7 октября 1935 года
Нахальный звонок к Улановой. Встреча с ней.
Между прочим, Уланова получает 1500 рублей в месяц, все остальные (Вечеслова, Дудинская, Иордан) — 1200 рублей.
Сегодня старался разглядеть ее, всё время «шевелил» себя — смотри, смотри, схватывай, запоминай. Мало что успел и удалось… Один вчерашний жест. Разговаривая со мной, взяла себя за руку за кулачок.
22 февраля 1936 года
«Как насчет Москвы?» — спросил я. «Наверно, придется, — ответила она и улыбнулась. — Но они хотят и маму, чтобы все, а я не хочу, я хочу одна. И при условии — чтобы Сергеев. Хочу пробыть год в Москве, жить в гостинице, посмотреть, как будет, и только тогда перебираться всей семьей. Евгений Антонович[33] еще ничего не знает. А Вечеслова говорит — в зависимости от меня и ее мужа… Виделась и с Захаровым, и с Самосудом. Разговаривали. Принципиально согласилась. А Ленинград недалеко, ведь я могу когда угодно ездить туда и обратно, даже заниматься здесь».
3 октября 1936 года
На предложение служить в Москве, что она как будто согласна, да здесь запретили. Хотели дать ей четыре спектакля в месяц — она будет танцевать два спектакля в месяц, в крайнем случае, три. А в Москву ездить. Она предложила два спектакля здесь и два спектакля в Москве. Но театры никак не договорятся. Мариинский и Комитет по делам искусств не соглашаются, чтобы Большой театр вызывал, когда ему нужно.
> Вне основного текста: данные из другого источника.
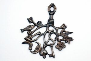 La mostra presenta poi una serie di oggetti originali legati al mondo della stregoneria. Dal notissimo Museum of Witchcraft and Magic di Boscastle, in Cornovaglia, arrivano antichi calderoni, feticci, amuleti, talismani e bacchette magiche. Tra le altre ne spicca una, lasciata in eredità da un negromante locale, fatta in legno di sambuco, che sappiamo essere, anche grazie alle pagine di Harry Potter, la più potente delle bacchette esistenti, capace di imprese magiche straordinarie. Il Museo delle Civiltà di Roma, invece, ci ha aperto il suo incredibile caveau nel quale, tra le tante cose, è conservata una incredibile collezione di amuleti, che raccoglie oggetti provenienti da diverse regioni d’Italia, realizzati in vari manufatti nel corso dell’Ottocento e confluiti nella prima grande mostra etnografica d’Italia del 1911, che ha dato poi vita al museo romano, e da allora mai più proposta al pubblico. Tra tante meraviglie in argento, veri e propri gioielli, ci sono amuleti più poveri, ma non per questo di minor valore. Tra i più incredibili, si segnala la famosa carta manoscritta trovata, alla sua morte, nello scapolare della strega Conti, in Toscana, databile intorno alla fine dell’Ottocento.

Вот когда в Мариинском она свободна, тогда пусть вызывает Большой. Возможно, с несколькими артистами будет договорено так, что они получают одно жалованье, чтоб не было рвачества и воровства, и танцевать и тут и там. «Я всегда брала то, что мне давали», — ответила Г. С. Пока ничего не решено. Ждут приезда Керженцева.
На Селигере фотографировалась, но отпечатков еще нет… Показала четыре больших фото. В большом черном конверте были еще — я попросил, но она, засмеявшись, сказала, что их никак нельзя. «Голышом, что ли?» — спросил я. — «Да». Я стал приставать, что, дескать, вот на скульптуре также почти голышом. «То другое дело, то гипс». «А это же бумага», — ответил я. Но не уговорил.
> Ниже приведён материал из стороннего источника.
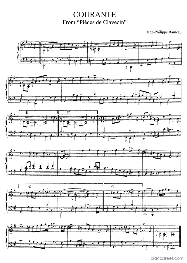 Baroque piano sheet music by Jean Philippe Rameau to download and print instantly: Courante No. 3 in the key of . Level 5, compositional type: Piece (published in 1724)
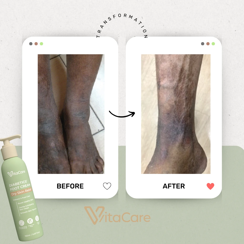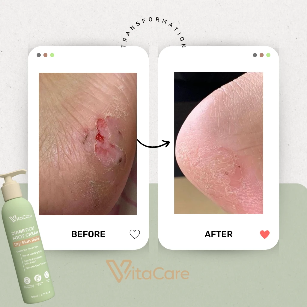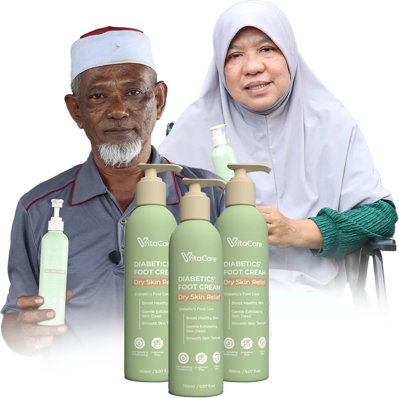 Hampir 80% Pesakit Diabetis Mengalami Komplikasi Masalah Kulit Kering,Bersisik,Gatal Dan Merekah. Aloe Vera Dan Ceramide dalam Vitacare Akan Memastikan Kulit Kaki Pesakit Sentiasa Dalam Kondisi Lembap dan Sihat

Не помню, о чем еще говорили. Спросила, свободен ли я, ей надо пойти в ДЛК[34] купить теплую кофточку. Может быть, она хотела, чтоб я смылся? Честно говоря, об этом не подумал, и мне кажется, что этого не было. «Тогда поедем?» — «С удовольствием», — ответствовал я. Пошла в соседнюю комнату, кому-то звонила по телефону… Я честно не полез в черный конверт за фото. Вернулась. «Вот как плохо, что нет ширмы». Я отвернулся, она переоделась. Надела вязаную кофточку с маленькими рукавами. Очевидно на ней «модный» хальтер — соски торчат: здря. Оделись, вышли. Берет с грубо сделанным пингвином, черный. Очень хорошее синее пальто с огромными двойными реверами. По дороге, переходя улицу, брал под руку…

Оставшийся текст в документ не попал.